LEGISLADORES SIN DERECHOS
Si Cicerón viera que la Ley y el Derecho están en manos de un antro llamado Congreso de la República no dudaría en pedir volver a ser ejecutado. Sólo con husmear los currículos de cada uno de los personajes que habitan ese malquisto recinto uno entra en pánico. Empero, si estuviéramos ante angélicos parlamentarios el núcleo del problema no cambiaría: no podemos catalogar como Ley cualquier ocurrencia de estos tipos.
Esto no es una invitación a la anarquía. Todo lo contrario, es una invitación a ponderar la auténtica dimensión de la Ley y del Derecho. Esa aberrante concepción que juzga que la Ley es sinónimo de aquello que garabatean los políticos, eso sí que es una franca invitación al caos. Leyes con nombre propio, de afición expropiatoria y/o simples cantos a la estupidez es lo único que se puede esperar.
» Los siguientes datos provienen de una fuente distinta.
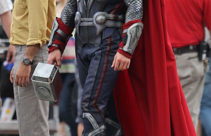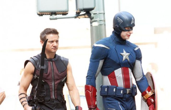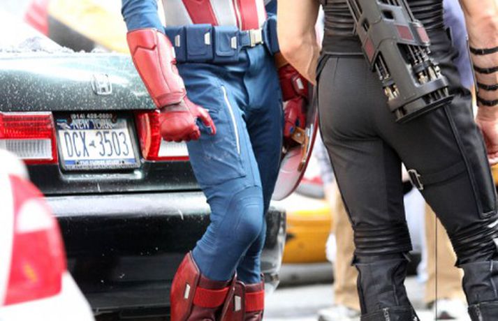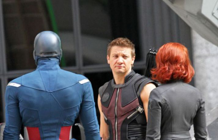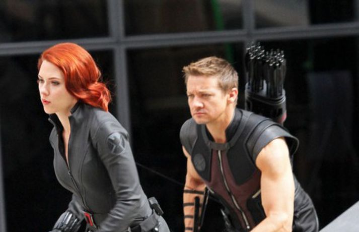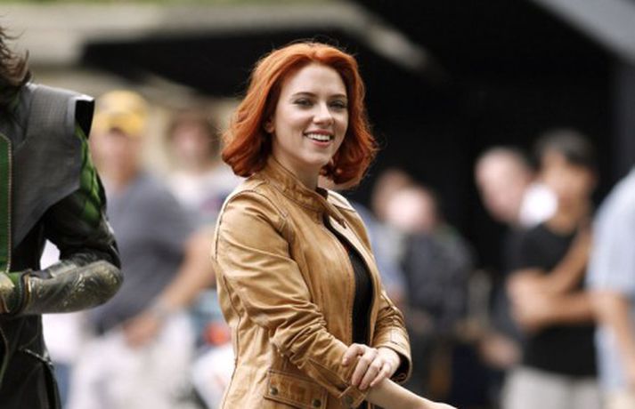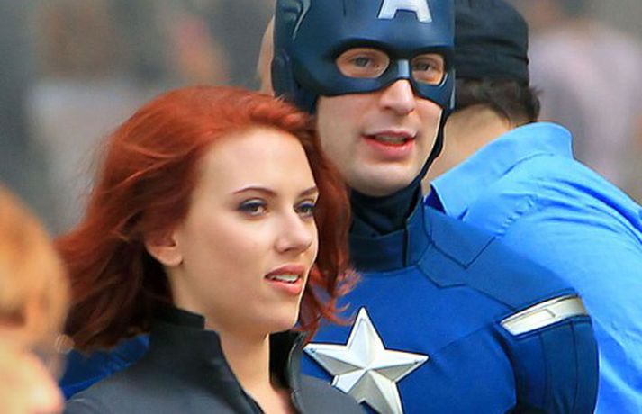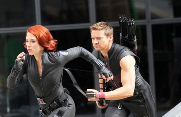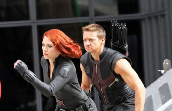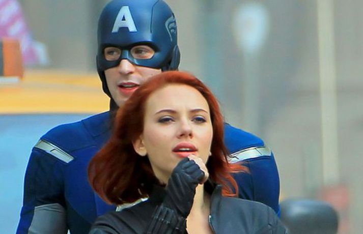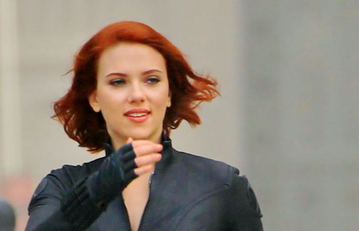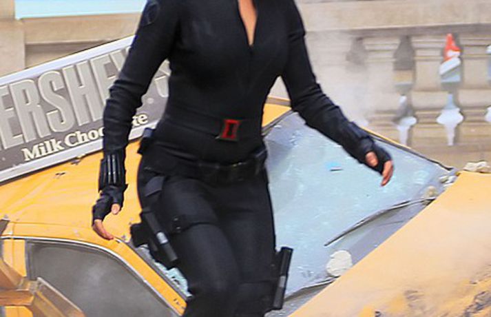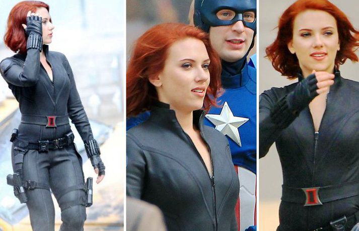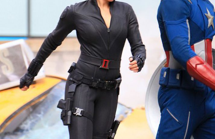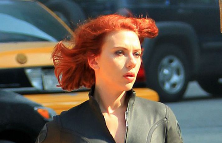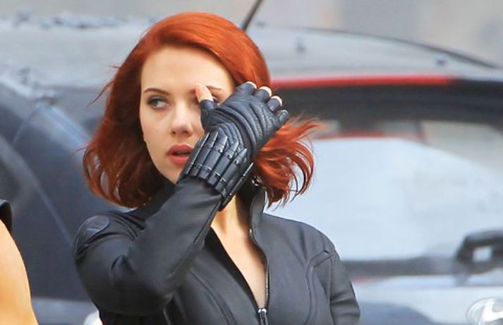 Leikkonan Scarlett Johansson, klædd í svartan þröngan ofurhetjugalla og leikararnir Chris Evans og Jeremy Renner voru mynduð við tökur á kvikmyndinni The Avangers í New York. Eins og sjá má í myndasafni fara gallinn og nýi rauði háraliturinn Scarlett ósköp vel. Hún smellpassar í ofurhetjuhlutverkið. Þá má einnig sjá leikarana Chris Hemsworth, Robert Downey Jr. og Tom Hiddleston í myndasafni.

Y ello no sólo se da solamente por la chusca calidad moral o intelectual de nuestros congresistas, sino por burdos pilares constitucionales que los sostienen. El regirnos por un orden que asume que el mero antojo de unos cuantos puede terminar convirtiéndose en Ley para todo un país es lo que nos ha colocado en esta endémica vocación de desprecio por el Derecho. Cierto, ello es lo que termina alimentado toda una visión mercantilista y pendenciera de lo jurídico; como se dice, hecha la ley, hecha la trampa .
A partir de estos soportes poco o nada se puede aguardar de un legislador. Este sólo será útil en la medida en que se ciña a las pautas que emanan de los derechos de las personas. Únicamente sometiéndose a estos cánones podemos estar seguros que lo arbitrario y pendenciero ha sido dejado de lado para darle paso a cada uno de los delicados hilos que componen lo jurídico. Un universo de cosas que no brota de la caprichosa entelequia de un burdo Mufarech, de un repulsivo Valdéz o de una plagiadora como Yanarico, pero tampoco de un honesto y respetado Henry Pease.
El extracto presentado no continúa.